12. The Killing of a Sacred Deer

There’s something about Martin (Barry Keoghan), the living son of a man who died under the knife of the surgeon Steven Murphy (Colin Farrell). At the beginning of the spine-tingling Holy Deer, Steve stood up to be Martin’s father figure, left and troubled and bubbling with darkness. The friendship inevitably sours, and it is from there that director Yorgos Lanthimos, known for his bitter strains of magical realism, finds the basis for an ice-cold rumination of guilt and obligation. Farrell is blessed with unparalleled sophistication in his Sophie’s Decision, Nicole Kidman tests him in every pass, and Keoghan provides a performance that echoes Heath Ledger in The Dark Knight. It’s a maddening and exhilarating moment in the film.

13. Molly’s Game

If you want your thrillers to be more fun than serious, Aaron Sorkin’s Molly’s Game debut is a solid bet.
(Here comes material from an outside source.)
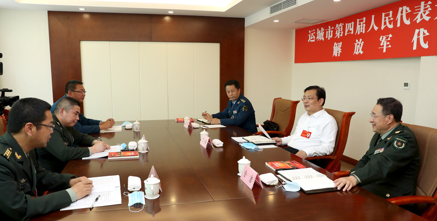 在解放军代表团,丁小强与代表们交流讨论,共同审议报告。丁小强对驻运部队长期以来为运城改革发展稳定作出的贡献表示充分肯定和衷心感谢。他指出,驻运部队要以习近平强军思想为统领,坚持政治建军、改革强军、科技兴军、依法治军,努力建设听党指挥、能打胜仗、作风优良的人民军队;要扎实推进军地协调发展、军民融合发展,持续巩固军政军民团结的良好局面,为运城高质量转型发展作出更大贡献。各级党委、政府要把支持国防和军队建设作为义不容辞的责任,解决好官兵后路后院后代问题,全力为部队改革发展创造有利条件,在全社会营造尊重军人、关心军队、支持国防的浓厚氛围。

One part poker movie, one part legal thriller, one part character drama, the film stars Jessica Chastain as a woman who becomes the subject of an FBI investigation after the underground poker empire she operates for Hollywood celebrities is revealed. The entire thing is based on a true story, and the film includes some extremely enjoyable poker scenes that have your blood pumping. It may not be as close as some other Sorkin’s material.

14. Velvet Buzzsaw

The easiest way to view Dan Gilroy’s mad Velvet Buzzsaw is to treat it as a slasher film in the art world. Instead of a masked madman creeping through a summer camp full of horny teens, it’s creepy sculpture rampaging through an art world full of selfish profiteers. The storyline is based on a group of art dealers who come across the work of a dead, criminally insane artist and discover that his art may be extremely valuable. However, proximity to art allows other art to come alive and destroy anyone who will want to make money off art rather than engage with it. Gilroy’s goals are very straightforward, but he never sounds like he’s preaching to the crowd because Velvet Buzzsaw is so much fun. It’s a film of art and business on its mind, but never at the cost of giving the viewer a nice time.

15. Small Crimes

It’s still a bit tricky to see your beloved Game of Thrones actresses in movies that don’t call them to fight dragons, wave axes, or at least wear any armor. As Joe Denton, a corrupt cop turned ex-con, Coster-Waldau plays yet another character with a warped moral compass, but he’s not part of a mythical story here. He’s yet another conniving dirtbag in director E.L. Katz’s Coen brothers, with a moral world. Although some of the plot specifics are confusing — Katz and co-writer Macon Blair skimp on the exhibition to the extent that some of the dialogue can sound incomprehensible — the feeling of Midwestern fear and Coster-Waldau’s patient, living-in performance make this one worth checking out. In spite of the absence of dragons.